The correct configuration for this behavior requires the reject‑msg‑to‑sender‑on‑discard option to be enabled on the durable endpoints and for a matching durable subscription to be configured on the local Message VPN. By default, the reject-msg-to-sender-on-discard option is enabled on queues but is disabled on topic endpoints.

Although the reject-msg-to-sender-on-discard option only needs to be enabled on one matching endpoint in the local Message VPN to get the desired behavior, it is recommended that it be enabled on all endpoints in the local Message VPN. For more information on this feature, refer to Message VPN-Level Guaranteed Messaging Configuration.

The local Message VPN must also have a matching durable subscription for the Guaranteed message. If there are no endpoints with matching subscriptions, then the message is discarded as “No Eligible Destination” on the local Message VPN and the message is unspooled from the bridge queue on the remote Message VPN. This prevents the bridge consumer flow from being blocked by messages that have no destination on the local Message VPN.

Note:  If the Guaranteed messages received from the bridge match client topic subscriptions on the local Message VPN, the messages are converted to Direct messages and are not persisted.

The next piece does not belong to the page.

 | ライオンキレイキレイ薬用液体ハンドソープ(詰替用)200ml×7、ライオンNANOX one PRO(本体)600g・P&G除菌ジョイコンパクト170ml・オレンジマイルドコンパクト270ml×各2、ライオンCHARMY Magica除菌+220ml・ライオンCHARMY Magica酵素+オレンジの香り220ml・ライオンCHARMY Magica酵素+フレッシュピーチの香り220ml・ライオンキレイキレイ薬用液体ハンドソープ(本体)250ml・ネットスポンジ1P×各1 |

Uni-Directional Versus Bi-Directional VPN Bridges

Subscriptions must be statically configured on a Message VPN bridge to attract Direct messages from a remote Message VPN. The figure below shows a uni‑directional bridge that has been configured on Router 1 so that messages from that remote Message VPN with matching topics can be transferred over the bridge from Router 2 to Router 1 using a single TCP connection.

Uni-Directional Message VPN Bridge

Uni-Directional Message VPN Bridge

It is possible to extend the configuration shown above to create a bi-directional bridge between the two Message VPNs. A bi-directional bridge essentially creates a bridge link in the opposite direction of an existing uni-directional bridge; where the local Message VPN of the uni-directional bridge is the remote Message VPN that the new bridge links to, and the remote Message VPN that the uni-directional bridge links to is the local Message VPN of the new bridge link.

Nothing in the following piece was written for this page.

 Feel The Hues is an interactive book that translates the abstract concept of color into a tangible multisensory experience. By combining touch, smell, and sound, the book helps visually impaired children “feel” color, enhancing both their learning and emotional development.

As shown in the figure below, by adding a bridge configuration on Router 2 from Message VPN yellow to Message VPN blue on Router 1, a bi-directional bridge is established, and a single TCP connection is used to transport all messages between the two Message VPNs.

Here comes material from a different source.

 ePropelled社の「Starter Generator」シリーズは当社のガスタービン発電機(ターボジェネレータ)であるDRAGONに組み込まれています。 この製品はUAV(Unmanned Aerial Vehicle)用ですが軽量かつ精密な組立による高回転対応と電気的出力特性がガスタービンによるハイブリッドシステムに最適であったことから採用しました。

The No Local Delivery property is automatically enabled for Message VPN bridges to prevent forwarding loops. This means that messages transferred across a Message VPN bridge to a remote Message VPN cannot then be sent back to the local Message VPN they originally came from to fulfill matching topic subscriptions again.

Bi-Directional Message VPN Bridge

Bi-Directional Message VPN Bridge

Establishing Bi-Directional Bridge Links

Two uni-directional bridges cannot be established between the same two Message VPNs—a bi-directional bridge must be used. Therefore, before a local router attempts to establish a bridge to a remote router, it inspects the existing incoming bridges to see if there is a compatible bridge already established from the remote router that can be used. To be compatible, an existing bridge from the remote router must pass the following tests:

  • the remote router name from the peer router must match the local router name
  • the router name of the peer must match the specified remote router name
  • the remote Message VPN of the peer must match the local Message VPN
  • the Message VPN of the peer must match the specified remote Message VPN
  • if TLS/SSL encryption is to be used, then TLS/SSL must be configured on both bridges (that is, an TLS/SSL bridge is not compatible with a non-TLS/SSL bridge)

If there is a compatible incoming bridge, then no new Message VPN bridge connection is required and an existing uni‑directional Message VPN bridge is transformed into a bi-directional Message VPN bridge. The login is performed with the existing connection.